# Litespeed Solano



## Cycledelic (Nov 16, 2004)

I am 6'1'' and 210lbs and am considering several bikes, including some carbon, but I've looked at the Solano and find it very appealing. Unfortunately, none of the local lbs has one to try!

Some of the reviews (there aren't many) say it's a good bike and yet I keep hearing that 'the brottom bracket is a noodle', or 'not stiff enough for bigger riders'. Does anyone here have an opinion?

I like the Solano because of it's understated looks, the durability/low maintenance of Ti, and the group - Shimano 10 speed on the 2005 model. But I'm very wary of getting an overcooked noodle!
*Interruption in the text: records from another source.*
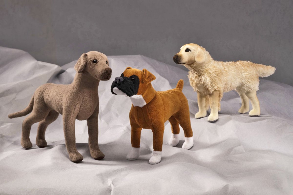 Handgearbeiteter Hund aus Plüsch. TÜV geprüft und Waschmaschinen geeignet bis 30°.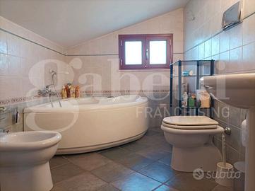 Ad.ze Pitz'e Serra Quartello, villa con ampio giardino. Unifamiliare su 2 livelli cosi composta: P. terra - Ingresso su salone doppio di c. a 45 mq, sala da pranzo, cucina abitabile, 2 ampie camere con possibilità di una terza stanza, ripostiglio, 2 bagni finestrati con doccia e vasca, loggiato frontale. P. 1 - con ingresso indipendente, mansarda di c. a 80 mq con ampio salone, cucina, camera, bagno finestrato e terrazza al piano. Di recente sono stati sostituiti tutti gli infissi in pvc con vetro camera, condizionatori e installati pannelli fotovoltaici da 3 kw. La villa gode di un ampio e curato giardino piantumato, di 2.000 mq c. a con area adibita ad orto e ulivi; ampia disponibilità di parcheggio e locale cantina con annessa tettoia. La villa è ubicata sulla Viale Europa per la quale è in corso un progetto di ampliamento in strada urbana con relativa introduzione di limite di velocità, realizzazione pista ciclabile, aree di verde pubblico e rotonde in sostituzione dei semafori. Ideale anche per due nuclei familiari. Per informazioni e appuntamenti Gabetti Quartu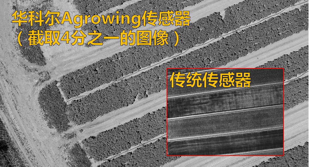 ▲同样90米的高度下,华科尔Agrowing传感器和传统传感器的图像对比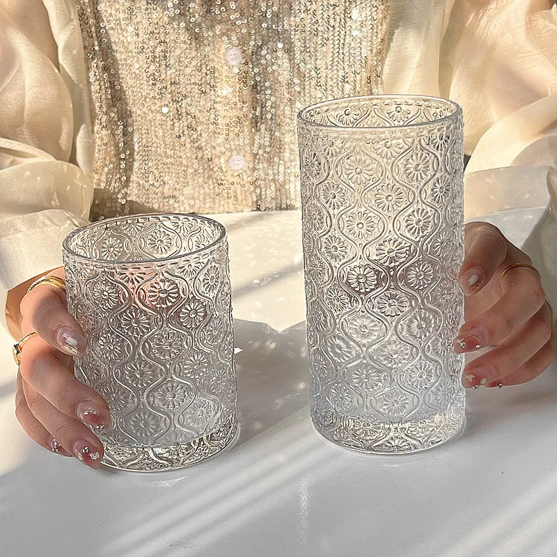 Made from high-quality, durable glass, this cup can withstand daily use while maintaining its clarity and elegance. Its comfortable size and shape make it ideal for serving a variety of beverages, from lattes and milk drinks to iced coffee or water. The carved texture adds grip and visual appeal, making each cup unique.

Other bikes I'm considering: the new Giant TCR (1 or 0), Scott TCR1, and perhaps even a good ole' Cannondale optimo frame that seems to be recommended by a lot of people.

thanks!


----------



## hooo_ah (Nov 5, 2004)

A Litespeed dealer told me that the Solano is the same frame as a 2003 and earlier Tuscany. Check out the reviews for those Tuscanys.


----------



## Cycledelic (Nov 16, 2004)

hooo_ah said:


> A Litespeed dealer told me that the Solano is the same frame as a 2003 and earlier Tuscany. Check out the reviews for those Tuscanys.
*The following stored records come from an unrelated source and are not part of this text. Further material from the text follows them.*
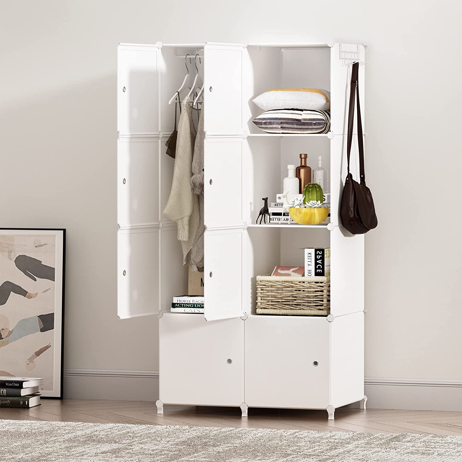 【Large Storage Performance】The size of each cube is 13.78 (length) * 13.78 (depth) * 18.5 (height) (inches), and one cube can hold up to 22 pounds. We also provide hanging clothes rail, it can provide you with enough storage space to keep things tidy.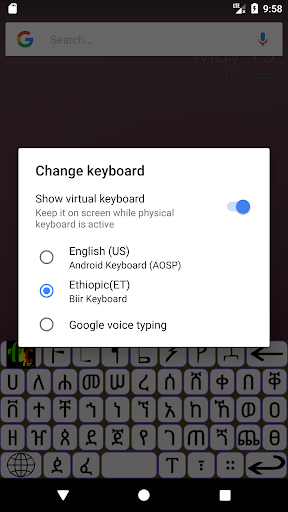 Biir (ብia) không yêu cầu người dùng biết bất kỳ ngôn ngữ có nguồn gốc Latin.Các ký tự cơ sở Ethiopic được trình bày theo thứ tự tự nhiên của họ.Các phiên bản đã sửa đổi được tạo bằng cách chạm vào các ký hiệu sửa đổi (được sắp xếp ở đầu theo thứ tự) sau ký tự cơ sở.አአርኛ ኦሮርኛ ኦሮ ት ት ት ት ት ት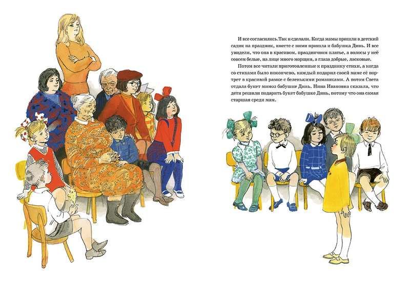 В одном детском саду к празднику Восьмого марта дети решили устроить выставку фотографий своих мам. И никак не могли решить, чья мама красивее. А Славик Смирнов самой красивой считает свою бабушку Дину, ведь для каждого из нас всех красивее тот человек, которого мы любим больше всего на свете. Книга проиллюстрирована художником Германом Алексеевичем Мазуриным.

Will do! - thanks for the tip!


----------



## twowheelstex (Sep 7, 2005)

*solano*



Cycledelic said:


> I am 6'1'' and 210lbs and am considering several bikes, including some carbon, but I've looked at the Solano and find it very appealing. Unfortunately, none of the local lbs has one to try!
> 
> Some of the reviews (there aren't many) say it's a good bike and yet I keep hearing that 'the brottom bracket is a noodle', or 'not stiff enough for bigger riders'. Does anyone here have an opinion?
> 
> ...


I have a 05 Solano...the frame is very stiff...and the ride is smooth...i cannot speak for the bb


----------